In anticipation, you can look for another In-Network provider. This can be a cumbersome, time-consuming process, you’ll need to search the health plan system for a list of In-Network providers and then contact each one to see if they are accepting new members. New patient appointments may take longer than expected so it’s ideal to jump on this as soon as possible.
You may incur a cost to have your medical records transferred to your new provider. These costs are not covered by your health plan.
What if you are currently receiving treatment and prefer to remain with the same provider, or perhaps you live in an area with limited options for a particular specialty? Changing “provider teams” mid-stream can be stressful, and cause delays or even changes in your course of treatment. Often, a provider who leaves a health plan may be part of a larger group of physicians and health care professionals who are leaving the same health plan network. This can impact a wide range of services and treatment you are receiving beyond the office visits to one specialist. You may also need lab work, medical injections, radiology, physical therapy, mental health and other services that have been delivered by those providers within the same group that is leaving the network.
Continuity of Care Option
Your health plan may offer a special process called Continuity of Care, whereby the health plan will make an exception to continue covering all of your treatment by the providers who are leaving the network while you make time to find another In-Network provider. The approval may cover claims for an additional 90 days as In-Network claims.

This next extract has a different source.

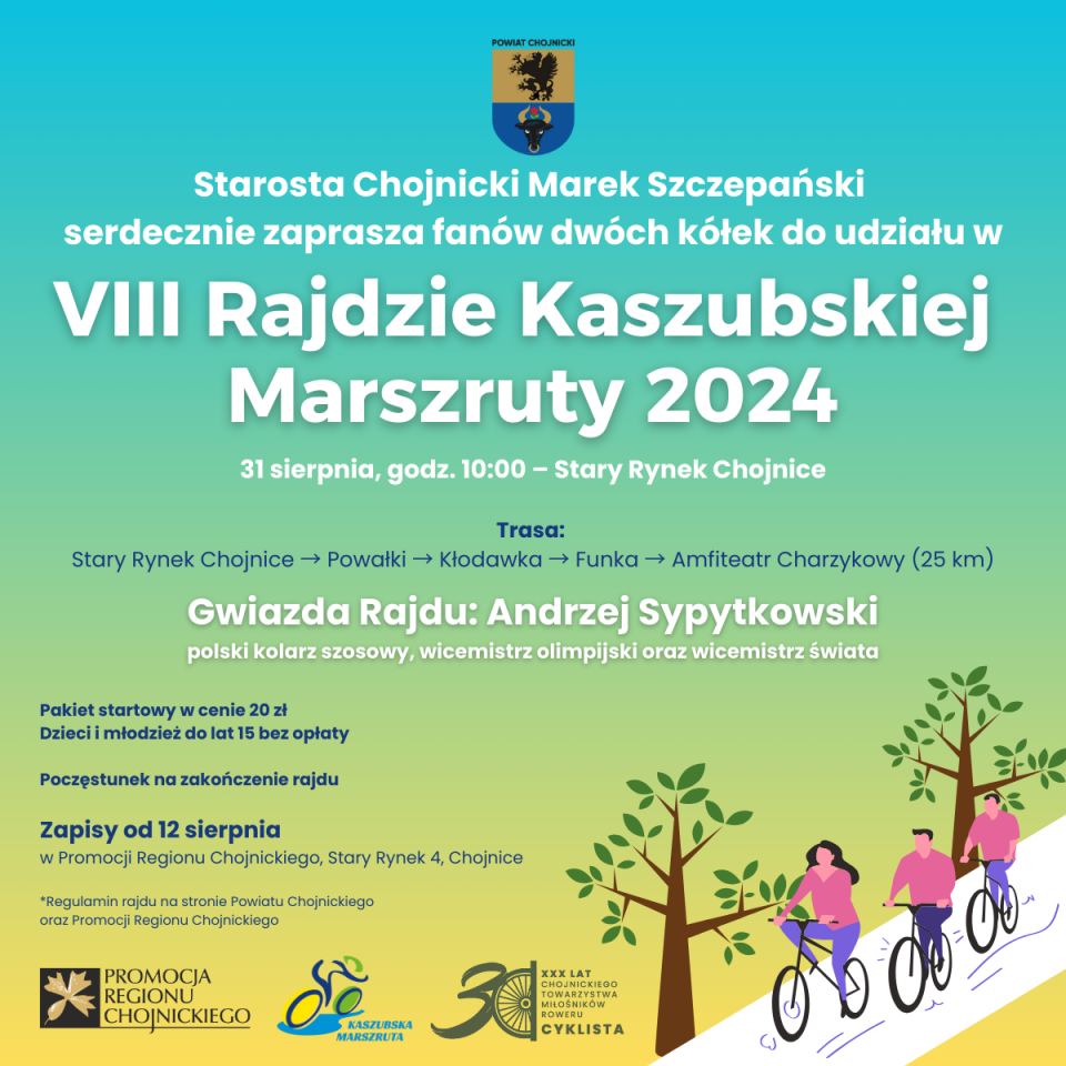 Andrzej Sypytkowski - polski kolarz szosowy, wicemistrz olimpijski oraz wicemistrz świata będzie gwiazdą VIII Rajdu Kaszubskiej Marszruty. W tym roku cykliści pokonają odcinek ze Starego Rynku w Chojnicach do Charzyków.

While on the surface this sounds great, and your out-of-pocket costs may be lowered for the interim period which is a plus, check with your doctor to see if they will continue to treat you and accept the negotiated rate; the provider may expect you to pay full charge regardless.
You always have the choice to continue with the provider on an out-of-network basis assuming they are not retiring. Nevertheless, financial costs weigh heavily on our decisions. Today, medical debt ranks as the top reason for bankruptcies even for people with health insurance.
If your provider leaves the health plan network, there really doesn’t seem to be too many options available other than finding a new provider if you want to avoid higher costs. You can find a new doctor who is In-Network, you can try to change your plan where your doctor does participate, or request a continuity of care option which is not a long-term solution.